> [ENTRIES SUPPLIED]:
================================

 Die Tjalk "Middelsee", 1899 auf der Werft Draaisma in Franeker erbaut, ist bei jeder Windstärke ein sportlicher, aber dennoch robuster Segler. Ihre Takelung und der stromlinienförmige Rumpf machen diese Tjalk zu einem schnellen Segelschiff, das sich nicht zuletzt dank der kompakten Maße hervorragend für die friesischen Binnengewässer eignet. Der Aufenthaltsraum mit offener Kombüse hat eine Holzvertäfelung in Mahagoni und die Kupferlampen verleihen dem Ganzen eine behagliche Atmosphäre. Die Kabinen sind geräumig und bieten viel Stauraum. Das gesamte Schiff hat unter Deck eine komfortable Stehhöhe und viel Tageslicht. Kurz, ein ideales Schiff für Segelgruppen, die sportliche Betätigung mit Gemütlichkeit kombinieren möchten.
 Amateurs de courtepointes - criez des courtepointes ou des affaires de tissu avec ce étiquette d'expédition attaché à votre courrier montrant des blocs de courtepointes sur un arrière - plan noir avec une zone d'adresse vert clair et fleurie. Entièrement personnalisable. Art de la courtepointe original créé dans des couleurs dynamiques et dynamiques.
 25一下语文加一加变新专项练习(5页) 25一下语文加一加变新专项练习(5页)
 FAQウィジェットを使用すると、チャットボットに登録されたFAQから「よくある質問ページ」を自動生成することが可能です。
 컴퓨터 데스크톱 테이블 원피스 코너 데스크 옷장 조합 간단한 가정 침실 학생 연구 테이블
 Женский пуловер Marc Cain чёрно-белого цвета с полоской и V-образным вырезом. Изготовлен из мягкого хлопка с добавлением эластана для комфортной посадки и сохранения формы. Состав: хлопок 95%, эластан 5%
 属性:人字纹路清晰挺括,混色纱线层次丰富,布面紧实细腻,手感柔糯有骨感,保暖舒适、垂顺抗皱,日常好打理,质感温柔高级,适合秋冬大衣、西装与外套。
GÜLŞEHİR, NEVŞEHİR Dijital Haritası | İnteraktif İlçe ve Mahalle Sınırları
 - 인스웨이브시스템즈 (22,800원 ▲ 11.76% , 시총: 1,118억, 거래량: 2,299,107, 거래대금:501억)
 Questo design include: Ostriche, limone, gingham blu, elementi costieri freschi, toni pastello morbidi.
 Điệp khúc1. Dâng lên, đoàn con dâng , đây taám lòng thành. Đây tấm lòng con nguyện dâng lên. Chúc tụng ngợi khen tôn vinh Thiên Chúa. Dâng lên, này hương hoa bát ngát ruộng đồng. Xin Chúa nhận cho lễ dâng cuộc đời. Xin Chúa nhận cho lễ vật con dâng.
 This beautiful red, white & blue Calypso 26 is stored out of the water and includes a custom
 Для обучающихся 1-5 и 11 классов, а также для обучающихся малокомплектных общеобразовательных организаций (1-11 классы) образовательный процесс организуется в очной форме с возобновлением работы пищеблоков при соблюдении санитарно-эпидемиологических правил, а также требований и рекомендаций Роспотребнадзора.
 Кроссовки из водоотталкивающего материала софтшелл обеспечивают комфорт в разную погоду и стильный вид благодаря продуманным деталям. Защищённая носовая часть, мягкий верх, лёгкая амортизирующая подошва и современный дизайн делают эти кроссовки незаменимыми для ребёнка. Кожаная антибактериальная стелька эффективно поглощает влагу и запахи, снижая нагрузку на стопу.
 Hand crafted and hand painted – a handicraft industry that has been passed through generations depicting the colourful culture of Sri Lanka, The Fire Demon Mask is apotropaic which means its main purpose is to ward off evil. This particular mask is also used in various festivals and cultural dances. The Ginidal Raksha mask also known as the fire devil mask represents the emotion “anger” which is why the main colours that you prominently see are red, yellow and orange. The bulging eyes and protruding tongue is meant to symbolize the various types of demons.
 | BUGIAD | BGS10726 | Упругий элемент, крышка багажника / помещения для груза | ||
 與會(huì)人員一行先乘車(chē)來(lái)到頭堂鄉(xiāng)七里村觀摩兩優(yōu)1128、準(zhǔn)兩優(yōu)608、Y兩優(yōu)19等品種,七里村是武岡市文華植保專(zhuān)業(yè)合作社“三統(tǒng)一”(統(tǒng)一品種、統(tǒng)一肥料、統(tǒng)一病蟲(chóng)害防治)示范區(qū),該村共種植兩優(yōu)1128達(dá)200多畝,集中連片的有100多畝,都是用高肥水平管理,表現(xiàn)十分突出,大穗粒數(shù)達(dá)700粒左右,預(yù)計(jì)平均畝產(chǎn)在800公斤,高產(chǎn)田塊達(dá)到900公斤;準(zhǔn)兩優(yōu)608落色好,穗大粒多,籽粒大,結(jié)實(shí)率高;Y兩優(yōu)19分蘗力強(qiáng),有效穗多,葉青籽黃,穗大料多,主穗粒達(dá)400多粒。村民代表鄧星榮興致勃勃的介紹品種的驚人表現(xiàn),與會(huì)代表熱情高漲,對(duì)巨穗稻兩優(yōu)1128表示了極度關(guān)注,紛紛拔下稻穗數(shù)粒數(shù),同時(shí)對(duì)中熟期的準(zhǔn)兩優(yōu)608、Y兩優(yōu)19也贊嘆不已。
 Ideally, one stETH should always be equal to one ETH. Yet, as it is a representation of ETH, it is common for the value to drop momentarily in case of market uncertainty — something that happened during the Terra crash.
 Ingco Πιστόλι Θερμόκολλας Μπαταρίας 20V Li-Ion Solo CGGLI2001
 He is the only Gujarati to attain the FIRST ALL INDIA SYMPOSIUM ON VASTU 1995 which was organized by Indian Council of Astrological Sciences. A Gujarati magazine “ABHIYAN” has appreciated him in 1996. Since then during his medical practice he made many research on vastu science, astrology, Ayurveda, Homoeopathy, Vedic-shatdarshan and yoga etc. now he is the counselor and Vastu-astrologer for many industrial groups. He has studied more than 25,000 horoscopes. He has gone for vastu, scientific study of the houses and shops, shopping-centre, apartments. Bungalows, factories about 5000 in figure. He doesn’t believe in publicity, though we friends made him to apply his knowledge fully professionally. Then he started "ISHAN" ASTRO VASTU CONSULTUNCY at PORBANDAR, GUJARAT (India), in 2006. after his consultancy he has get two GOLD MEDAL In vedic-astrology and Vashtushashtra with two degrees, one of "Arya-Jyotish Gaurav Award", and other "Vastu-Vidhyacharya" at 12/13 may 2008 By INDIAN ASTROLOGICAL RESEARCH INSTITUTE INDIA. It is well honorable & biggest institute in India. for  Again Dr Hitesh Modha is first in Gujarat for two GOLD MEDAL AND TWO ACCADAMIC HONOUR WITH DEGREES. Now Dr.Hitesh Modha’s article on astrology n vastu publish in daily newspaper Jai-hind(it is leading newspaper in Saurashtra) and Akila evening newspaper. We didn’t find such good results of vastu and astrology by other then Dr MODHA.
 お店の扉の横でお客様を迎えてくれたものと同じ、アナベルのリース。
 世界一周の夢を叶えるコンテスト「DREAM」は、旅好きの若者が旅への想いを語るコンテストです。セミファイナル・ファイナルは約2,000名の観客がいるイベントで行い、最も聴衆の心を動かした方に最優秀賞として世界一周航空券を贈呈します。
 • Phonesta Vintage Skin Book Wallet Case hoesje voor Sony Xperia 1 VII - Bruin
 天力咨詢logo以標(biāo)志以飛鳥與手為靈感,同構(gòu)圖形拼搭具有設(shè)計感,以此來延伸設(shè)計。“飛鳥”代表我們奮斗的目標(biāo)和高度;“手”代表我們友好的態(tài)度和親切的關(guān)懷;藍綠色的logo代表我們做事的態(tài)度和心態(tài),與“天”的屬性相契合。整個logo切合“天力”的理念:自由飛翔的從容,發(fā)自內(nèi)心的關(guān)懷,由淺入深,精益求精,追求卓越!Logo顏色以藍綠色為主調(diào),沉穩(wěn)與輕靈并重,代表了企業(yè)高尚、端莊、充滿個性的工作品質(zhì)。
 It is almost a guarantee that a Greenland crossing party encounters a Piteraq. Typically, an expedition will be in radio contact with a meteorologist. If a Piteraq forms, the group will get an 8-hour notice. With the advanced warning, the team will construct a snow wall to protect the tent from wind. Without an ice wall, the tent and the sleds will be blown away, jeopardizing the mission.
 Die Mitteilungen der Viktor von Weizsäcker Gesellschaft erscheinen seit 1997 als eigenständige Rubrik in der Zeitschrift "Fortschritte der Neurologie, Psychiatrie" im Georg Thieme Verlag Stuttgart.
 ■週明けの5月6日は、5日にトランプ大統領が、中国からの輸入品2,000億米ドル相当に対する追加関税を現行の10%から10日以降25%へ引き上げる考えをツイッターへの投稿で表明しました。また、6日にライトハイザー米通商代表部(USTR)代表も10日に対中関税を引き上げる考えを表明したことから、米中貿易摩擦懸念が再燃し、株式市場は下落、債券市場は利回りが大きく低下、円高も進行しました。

================================

In the material above, tally the lines that include the word "during" and give only that figure.

2